In the first screen test she is playing Cleopatra. A mystical duo appear out of the pyramids and ascend skyward. This is veteran Cirque du Soleil duo, Kevin and Andrew Atherton. They appeared in Varekai, Iris, and more recently Zarkana at the Aria resort and casino in Las Vegas. Their duo straps routine takes them above the stage and in all directions overhead including over the entire audience orchestra section. With no net or safety harness of any kind. They are not only doing numerous tricks and contortions directly over your head, but being propelled around and around the theater and barely missing each other again and again by a hair. You’re not sure who’s going to die first when they crash and plummet, them or you. They safely land, eventually.

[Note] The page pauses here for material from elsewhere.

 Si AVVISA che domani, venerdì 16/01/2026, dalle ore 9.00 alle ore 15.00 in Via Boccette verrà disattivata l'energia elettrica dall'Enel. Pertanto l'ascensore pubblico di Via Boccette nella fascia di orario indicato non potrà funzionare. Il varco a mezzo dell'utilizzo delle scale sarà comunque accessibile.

A sigh of relief and Indigo goes on to her next screen test as Calamity Jane. Set change- western theme. Whips cracking, lassos lassoing, and seven brides for seven brothers dancing (don’t blink or you’ll miss the ax juggling for about three seconds).

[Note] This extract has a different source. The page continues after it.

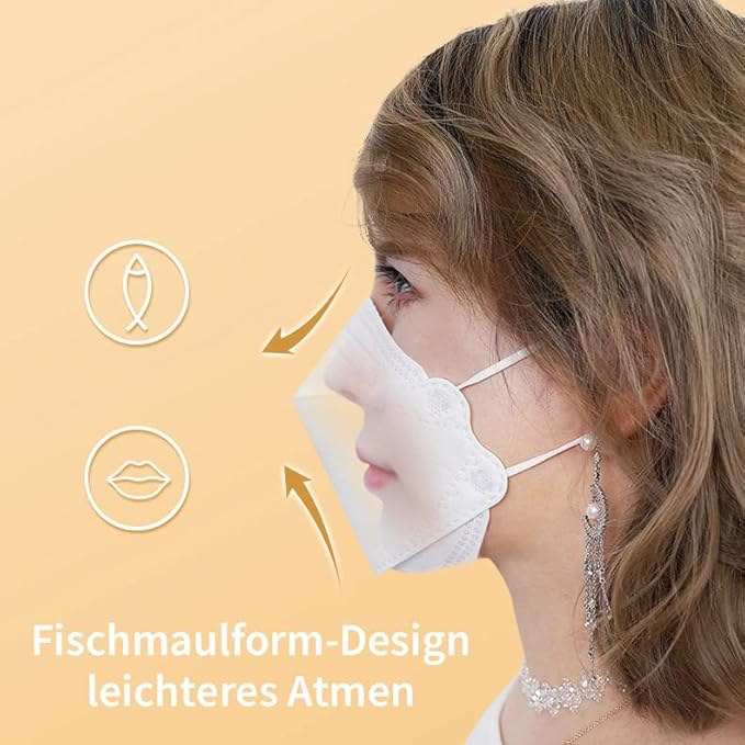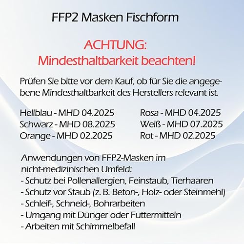 TubeRoo FFP2 - Maschera rosa chiaro, 10 pezzi, a forma di pesce, spedizione dalla Germania, morbidi passanti per le orecchie, respiratore, paradenti

Someone brings out a seesaw for no apparent reason and the next thing you know the dancers are teeter boarding up and down on the thing like nobody’s business. Everyone does a flip or two until all other action stops and the last two cowboys try to out-do each other. What follows is the pinnacle of teeter board skills that would make anyone gasp. They not only progress from one difficult trick to another but it is just the two of them on the single prop, jumping, flipping, and precisely landing on the exact same spot so the other can fly and do his flip. Flip with a twist. Double flip. Double flip with a twist. Double flip with a double twist. On and on culminating with (are you sitting?) a quadruple flip.

The audience was on its feet and the lights go down. End of act one. Intermission

Act two begins with a dream sequence. The producer is pushing everyone to perform past their limits and the pressure is getting to folks. A weird surrealistic sequence follows.

Next up, the juggler!

Kyle Driggs appeared in Queen of the Night, ABYME, and Jay Gilligan’s Melodic Objects. He won a silver medal in the Cirque de Demain festival in Paris, and in 2013 he won the IJA individuals.

Kyle manipulates one, two, and three rings together with a folded umbrella, using the hooked handle as an extension of his limbs. He juggles the rings and umbrella in a fountain and segues into a balance with the umbrella on his chin and continues juggling the rings without stopping. He then juggles just the rings including back crosses where the rings roll over his shoulders for every throw, then classic body rolls (ala Bob Bramson) where the three roll over his back in a full shower pattern.
Back to juggling the four in a triple-single pattern, and back to a balance with the rings arranged on his chin and the umbrella delicately balanced on top. Back to tossing, this time with the umbrella opened, and a very effective high throw with the umbrella, juggle three rings in a cascade momentarily, then catch the opened umbrella.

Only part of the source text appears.